As we move out of the darkest days in winter we are collaborating with The Common Guild to host a new artwork by Rabiya Choudhry on the façade of our building.
Rabiya Choudhry’s illuminated artworks for three East-End libraries have been created for places which hold significance for the artist. Their design is based on a painting by Choudhry, part of the artist’s ongoing project ‘Lost Lighting’ – a series of lighting artworks for public places intended to “act like a vigil in the dark”.
‘Give light and people will find the way (Ella Baker)’ (2022) is the first Lost Lighting artwork to be realised in public space. Taking shape as illuminated signs, they repurpose Andrew Carnegie’s flaming torch motif; a feature found on many Carnegie library buildings as well as an emblem used in the bookplate for his own private library collection.
In Choudhry’s work, the torch is encircled with the words of African-American civil rights activist and organiser, Ella Baker (1903 – 1986) who worked to instigate societal change through individual and grassroots community empowerment. Baker’s words ‘give light and people will find the way’, are a manifestation of power for ordinary people, invoking a spirit of togetherness and inspiring hope for change.
Choudhry says, “Ella Baker came to me through light. Her words felt like a special gift after years of contemplating life, loss, and light during one of the most difficult times. Her life, actions, and words are hugely inspiring and articulate what I wanted to echo in these public artworks for libraries at a time where light comes at some cost and hope is hard to put into words.”
Choudhry’s illuminated artworks will be accompanied by a fragment of narrative non-fiction from the award- winning journalist and author, Chitra Ramaswamy.
Ramaswamy’s writing will be available to pick up from April 2023 from inside our library as well as from Dennistoun Library, Shettleston Libraries for the duration of the project.
Join us on the 18th of February from 1-3pm to celebrate the launch of the artwork with tea, coffee and cake.
Rabiya Choudhry was born in Glasgow in 1982 to Scottish and Pakistani parents. Choudhry studied at Edinburgh College of Art to MA level, graduating in 2006. She lives and works in Edinburgh.

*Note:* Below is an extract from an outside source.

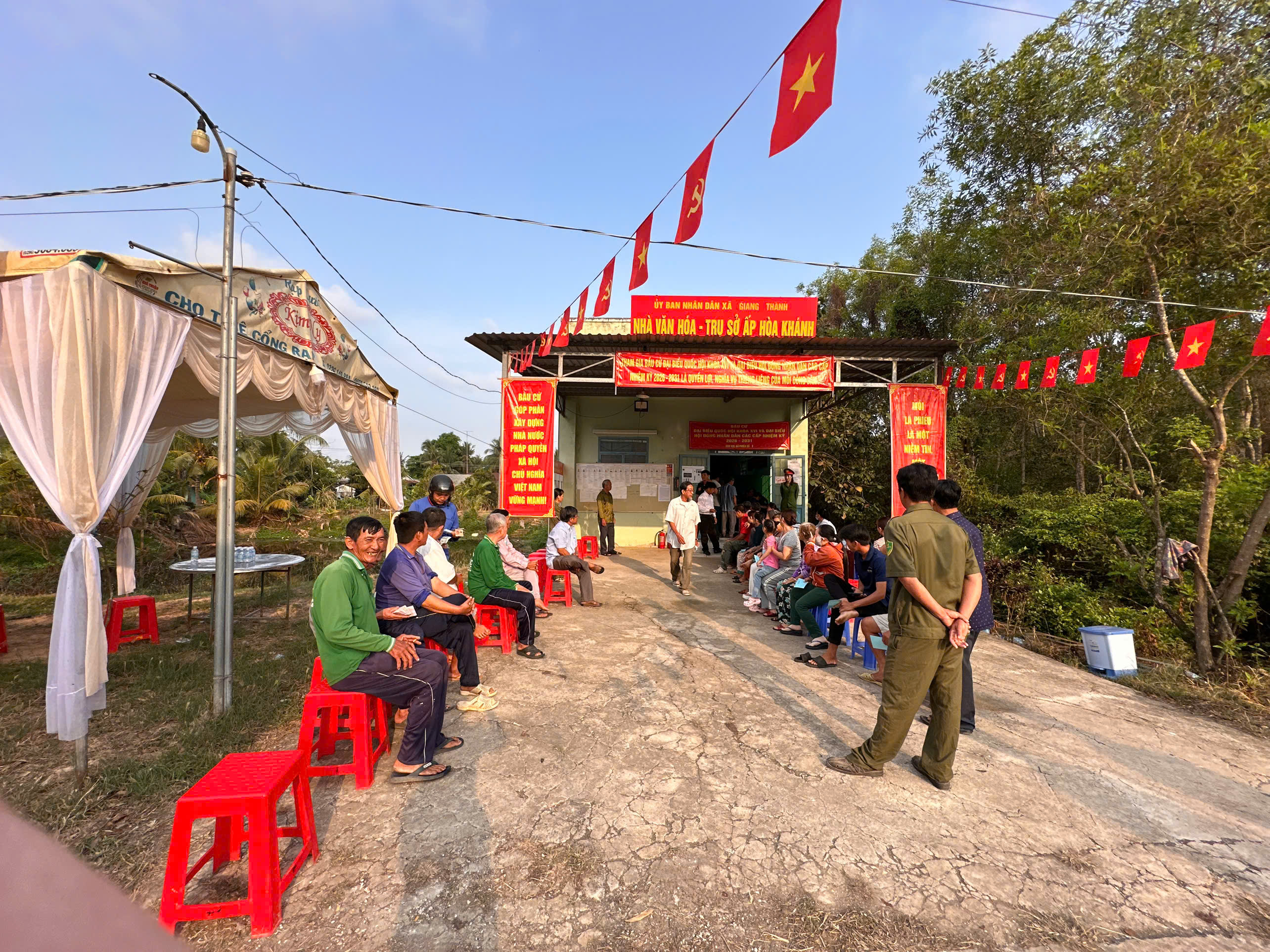 Hòa chung không khí sôi nổi của ngày hội lớn của toàn dân, sáng ngày 15/3, 06 đơn vị bầu cử với 25 khu vực bỏ phiếu trên địa bàn 18 ấp của xã Giang Thành, đông đảo bà con cử tri rất phấn khởi và nô nức đến các khu vực bỏ phiếu để thực hiện quyền và nghĩa vụ công dân, tham gia bầu cử đại biểu Quốc hội khóa XVI và đại biểu Hội đồng nhân dân các cấp nhiệm kỳ 2026 – 2031.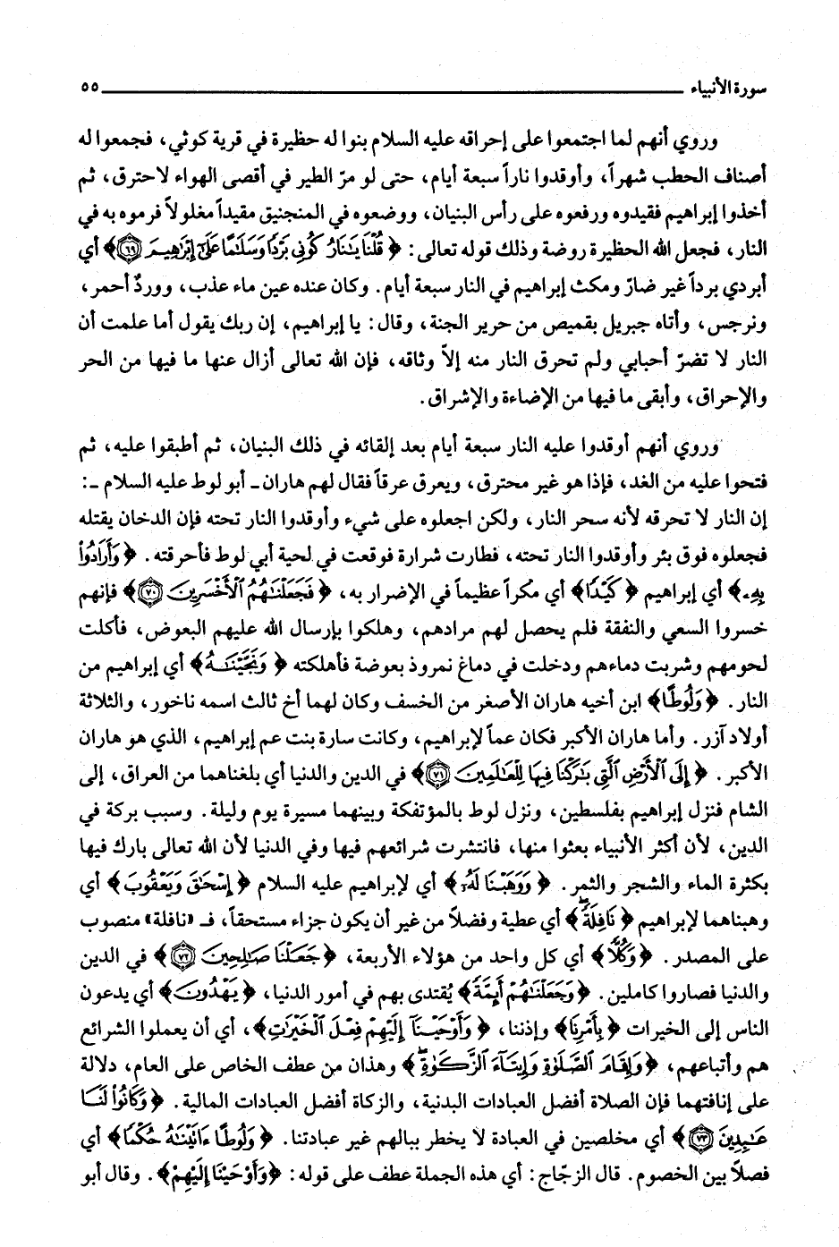 وَنَجَّيْناهُ أي إبراهيم من النار. وَلُوطاً ابن أخيه هاران الأصغر من الخسف وكان لهما أخ ثالث اسمه ناخور، والثلاثة أولاد آزر. وأما هاران الأكبر فكان عما لإبراهيم، وكانت سارة بنت عم إبراهيم، الذي هو هاران الأكبر. إِلَى الْأَرْضِ الَّتِي بارَكْنا فِيها لِلْعالَمِينَ (71) في الدين والدنيا أي بلغناهما من العراق، إلى الشام فنزل إبراهيم بفلسطين، ونزل لوط بالمؤتفكة وبينهما مسيرة يوم وليلة. وسبب بركة في الدين، لأن أكثر الأنبياء بعثوا منها، فانتشرت شرائعهم فيها وفي الدنيا لأن الله تعالى بارك فيها بكثرة الماء والشجر والثمر. وَوَهَبْنا لَهُ أي لإبراهيم عليه السلام إِسْحاقَ وَيَعْقُوبَ أي وهبناهما لإبراهيم نافِلَةً أي عطية وفضلا من غير أن يكون جزاء مستحقا، ف «نافلة» منصوب على المصدر. وَكُلًّا أي كل واحد من هؤلاء الأربعة، جَعَلْنا صالِحِينَ (72) في الدين والدنيا فصاروا كاملين. وَجَعَلْناهُمْ أَئِمَّةً يقتدى بهم في أمور الدنيا، يَهْدُونَ أي يدعون الناس إلى الخيرات بِأَمْرِنا وإذننا، وَأَوْحَيْنا إِلَيْهِمْ فِعْلَ الْخَيْراتِ، أي أن يعملوا الشرائع هم وأتباعهم، وَإِقامَ الصَّلاةِ وَإِيتاءَ الزَّكاةِ وهذان من عطف الخاص على العام، دلالة على إنافتهما فإن الصلاة أفضل العبادات البدنية، والزكاة أفضل العبادات المالية. وَكانُوا لَنا عابِدِينَ (73) أي مخلصين في العبادة لا يخطر ببالهم غير عبادتنا. وَلُوطاً آتَيْناهُ حُكْماً أي فصلا بين الخصوم. قال الزجّاج: أي هذه الجملة عطف على قوله: وَأَوْحَيْنا إِلَيْهِمْ. وقال أبو

Choudhry’s work explores themes of identity and cultural displacement in contemporary British society with a darkly comedic approach. Her work expresses the complicated coupling of eastern and western cultures in richly vibrant autobiographical portrayals. Recent exhibitions include ‘TESTAMENT’, Goldsmiths CCA, London (2022); ‘ambi’, CCA Glasgow; and ‘Fabric of Society’, Glasgow International (both 2021). Choudhry’s work ‘Dad’ (2018) was acquired by the Gallery of Modern Art, Glasgow in 2020 and is now on permanent display there.
Some inspirational reading selected by the artist can be found at The Common Guild website.
Chitra Ramaswamy is an author and journalist. Her latest book,‘Homelands: The History of a Friendship’(Canongate) is a work of creative non-fiction exploring her friendship with a 98-year-old German Jewish refugee called Henry Wuga and winner of the 2022 Saltire Non-Fiction Book of the Year. Her first book, ‘Expecting: The Inner Life of Pregnancy’ (2016) won the Saltire First Book of the Year Award and was shortlisted for the Polari Prize.
She has contributed essays to Antlers of Water, Nasty Women, The Freedom Papers, The Bi:ble, and Message From The Skies. She writes for The Guardian, is the restaurant critic for The Times Scotland, and broadcasts for BBC radio.